There was no denying the hype surrounding the inaugural season given how much coverage it received and people were subsequently left with huge expectations for the coming seven rounds of women’s sport.

The pressure was then put on women’s AFL to deliver a style of play which matched the current game and warrant its return in 2018.

The game was aired at the Sports Club where I spend my weekends working and I was amazed by the number of eyes fixated on the screens as patrons enjoyed their first taste of footy for 2017.

As in all sports there is often a lull between seasons when games aren’t being played and the media tries their best to fill the void with stories about potential draft picks and player movements — or the occasional drug scandal.

And this off-season there was quite a bit to choose from in terms of AFL features.

The Western Bulldogs claiming their first flag in 62 years was the gift which kept on giving for sports journalists and Essendon couldn’t seem to avoid the spotlight, producing another bombshell when former coach James Hird made headlines once again over a suspected drug overdose.

However the biggest story of the summer was the formation of the women’s league as the preface to the AFL season.

And the build-up for the round one clash between old rivals Carlton and Collingwood was well and truly justified.

There was plenty to be excited about during the actual game as the women showcased a brilliant display of athleticism and skill, taking knocks as hard as the men’s game and bouncing back for the next tackle.

The commentators on the ground were equally as professional in their approach which raised the standards once again to match that of the AFL.

The game ended in the Blues thrashing of the Pies with the result all but decided by half-time and the weekend continued with Adelaide thumping GWS, Western Bulldogs punishing Fremantle and Brisbane Lions thwarting Melbourne.

On a side note, if the Bulldogs happen to become premiers it would mean three flags in as little as six months for the red, white and blue.

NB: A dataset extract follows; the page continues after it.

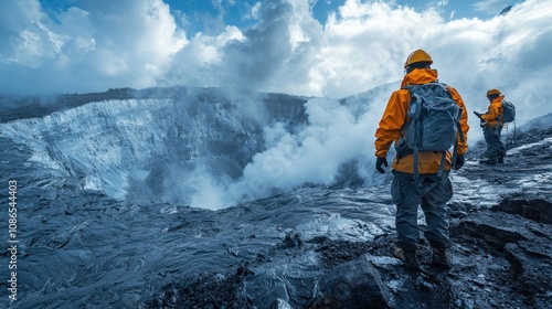 © CRISPIFLY, Obraz premium Volcanic Exploration Scientists Studying Active Crater
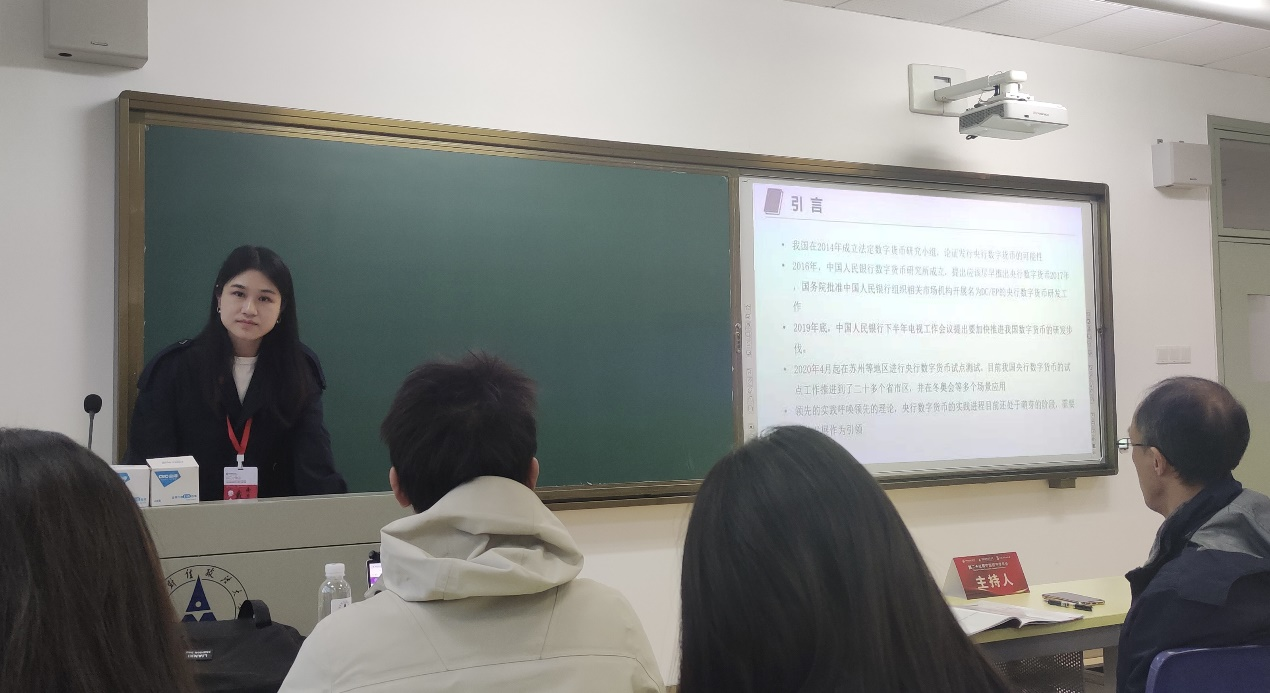 青年教师戴嘉参与了此次会议,并作了《数字货币的机制及其宏观经济效应研究》的学术报告,回答了其他论文宣讲者与参会嘉宾的提问,与参会者进行了交流互动。戴嘉的报告聚焦于央行数字货币的本质分析和机制研究,结合央行数字货币的双层运营机制的发行架构和分布式账本技术的技术特征,在动态随机一般均衡框架下分析了央行数字货币的宏观经济效应,得到以下结论:央行数字货币在支付功能上对存款进行了替代,并对商业银行存款造成挤出效应;央行数字货币的使用会提升稳态产出,并促进经济发展;通过央行数字货币利率可以有效开展货币政策。

The league has begun as a good way of delivering more live games to fans during the year and I can only hope the newly established AFL Goulburn Murray and AFL Central Victoria women’s leagues, which Echuca Football Club has entered a senior women’s side, will deliver a similar quality.

My thought is it will eventually become another type of women’s sport like W-league in soccer or the Women’s National Cricket League and secure its own fan-base as the other leagues have.